◆ **Exercise directions**:
Character for character, reproduce every entry below.
*** Opening of Dataset entries ***
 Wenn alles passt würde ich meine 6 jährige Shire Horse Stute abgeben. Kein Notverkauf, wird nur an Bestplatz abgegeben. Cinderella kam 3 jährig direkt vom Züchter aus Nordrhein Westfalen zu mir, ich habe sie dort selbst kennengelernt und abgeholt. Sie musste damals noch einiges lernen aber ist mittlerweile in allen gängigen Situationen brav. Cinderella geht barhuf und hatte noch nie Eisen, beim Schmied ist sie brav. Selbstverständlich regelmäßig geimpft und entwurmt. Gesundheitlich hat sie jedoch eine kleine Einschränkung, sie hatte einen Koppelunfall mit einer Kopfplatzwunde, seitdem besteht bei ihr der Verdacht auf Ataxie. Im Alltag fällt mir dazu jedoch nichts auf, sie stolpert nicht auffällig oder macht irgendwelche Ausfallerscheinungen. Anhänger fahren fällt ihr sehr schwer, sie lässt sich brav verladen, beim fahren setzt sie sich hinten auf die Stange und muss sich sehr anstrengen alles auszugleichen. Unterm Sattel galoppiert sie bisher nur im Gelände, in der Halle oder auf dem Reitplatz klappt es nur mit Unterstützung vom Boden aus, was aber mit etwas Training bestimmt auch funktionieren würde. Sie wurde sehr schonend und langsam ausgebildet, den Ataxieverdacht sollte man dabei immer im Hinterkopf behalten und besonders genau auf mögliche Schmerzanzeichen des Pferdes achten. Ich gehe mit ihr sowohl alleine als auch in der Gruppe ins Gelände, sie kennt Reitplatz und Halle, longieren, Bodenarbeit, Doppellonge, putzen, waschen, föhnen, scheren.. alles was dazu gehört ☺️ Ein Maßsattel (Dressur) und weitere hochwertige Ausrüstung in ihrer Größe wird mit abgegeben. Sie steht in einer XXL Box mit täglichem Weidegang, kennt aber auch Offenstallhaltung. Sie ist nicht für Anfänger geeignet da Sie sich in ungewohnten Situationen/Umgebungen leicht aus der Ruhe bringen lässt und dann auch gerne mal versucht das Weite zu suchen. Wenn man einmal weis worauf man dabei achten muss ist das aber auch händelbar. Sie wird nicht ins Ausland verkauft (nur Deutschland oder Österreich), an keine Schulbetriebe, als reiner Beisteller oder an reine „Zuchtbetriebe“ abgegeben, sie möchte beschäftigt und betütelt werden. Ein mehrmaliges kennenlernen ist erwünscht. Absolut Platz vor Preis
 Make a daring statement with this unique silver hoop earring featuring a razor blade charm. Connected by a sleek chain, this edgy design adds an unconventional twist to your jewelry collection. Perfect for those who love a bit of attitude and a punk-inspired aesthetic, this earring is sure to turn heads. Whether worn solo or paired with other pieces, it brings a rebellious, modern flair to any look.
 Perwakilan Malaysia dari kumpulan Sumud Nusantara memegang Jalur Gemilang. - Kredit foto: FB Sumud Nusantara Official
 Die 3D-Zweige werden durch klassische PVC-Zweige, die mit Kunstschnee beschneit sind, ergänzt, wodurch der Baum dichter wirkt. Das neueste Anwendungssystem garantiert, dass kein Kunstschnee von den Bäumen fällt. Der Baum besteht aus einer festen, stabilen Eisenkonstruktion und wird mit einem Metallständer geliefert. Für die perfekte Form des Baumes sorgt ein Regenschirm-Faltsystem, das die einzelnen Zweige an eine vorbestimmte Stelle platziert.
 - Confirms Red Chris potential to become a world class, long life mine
*** Close of Dataset entries ***
◆ **Response below**:
 Wenn alles passt würde ich meine 6 jährige Shire Horse Stute abgeben. Kein Notverkauf, wird nur an Bestplatz abgegeben. Cinderella kam 3 jährig direkt vom Züchter aus Nordrhein Westfalen zu mir, ich habe sie dort selbst kennengelernt und abgeholt. Sie musste damals noch einiges lernen aber ist mittlerweile in allen gängigen Situationen brav. Cinderella geht barhuf und hatte noch nie Eisen, beim Schmied ist sie brav. Selbstverständlich regelmäßig geimpft und entwurmt. Gesundheitlich hat sie jedoch eine kleine Einschränkung, sie hatte einen Koppelunfall mit einer Kopfplatzwunde, seitdem besteht bei ihr der Verdacht auf Ataxie. Im Alltag fällt mir dazu jedoch nichts auf, sie stolpert nicht auffällig oder macht irgendwelche Ausfallerscheinungen. Anhänger fahren fällt ihr sehr schwer, sie lässt sich brav verladen, beim fahren setzt sie sich hinten auf die Stange und muss sich sehr anstrengen alles auszugleichen. Unterm Sattel galoppiert sie bisher nur im Gelände, in der Halle oder auf dem Reitplatz klappt es nur mit Unterstützung vom Boden aus, was aber mit etwas Training bestimmt auch funktionieren würde. Sie wurde sehr schonend und langsam ausgebildet, den Ataxieverdacht sollte man dabei immer im Hinterkopf behalten und besonders genau auf mögliche Schmerzanzeichen des Pferdes achten. Ich gehe mit ihr sowohl alleine als auch in der Gruppe ins Gelände, sie kennt Reitplatz und Halle, longieren, Bodenarbeit, Doppellonge, putzen, waschen, föhnen, scheren.. alles was dazu gehört ☺️ Ein Maßsattel (Dressur) und weitere hochwertige Ausrüstung in ihrer Größe wird mit abgegeben. Sie steht in einer XXL Box mit täglichem Weidegang, kennt aber auch Offenstallhaltung. Sie ist nicht für Anfänger geeignet da Sie sich in ungewohnten Situationen/Umgebungen leicht aus der Ruhe bringen lässt und dann auch gerne mal versucht das Weite zu suchen. Wenn man einmal weis worauf man dabei achten muss ist das aber auch händelbar. Sie wird nicht ins Ausland verkauft (nur Deutschland oder Österreich), an keine Schulbetriebe, als reiner Beisteller oder an reine „Zuchtbetriebe“ abgegeben, sie möchte beschäftigt und betütelt werden. Ein mehrmaliges kennenlernen ist erwünscht. Absolut Platz vor Preis
 Make a daring statement with this unique silver hoop earring featuring a razor blade charm. Connected by a sleek chain, this edgy design adds an unconventional twist to your jewelry collection. Perfect for those who love a bit of attitude and a punk-inspired aesthetic, this earring is sure to turn heads. Whether worn solo or paired with other pieces, it brings a rebellious, modern flair to any look.
 Perwakilan Malaysia dari kumpulan Sumud Nusantara memegang Jalur Gemilang. - Kredit foto: FB Sumud Nusantara Official
 Die 3D-Zweige werden durch klassische PVC-Zweige, die mit Kunstschnee beschneit sind, ergänzt, wodurch der Baum dichter wirkt. Das neueste Anwendungssystem garantiert, dass kein Kunstschnee von den Bäumen fällt. Der Baum besteht aus einer festen, stabilen Eisenkonstruktion und wird mit einem Metallständer geliefert. Für die perfekte Form des Baumes sorgt ein Regenschirm-Faltsystem, das die einzelnen Zweige an eine vorbestimmte Stelle platziert.
 - Confirms Red Chris potential to become a world class, long life mine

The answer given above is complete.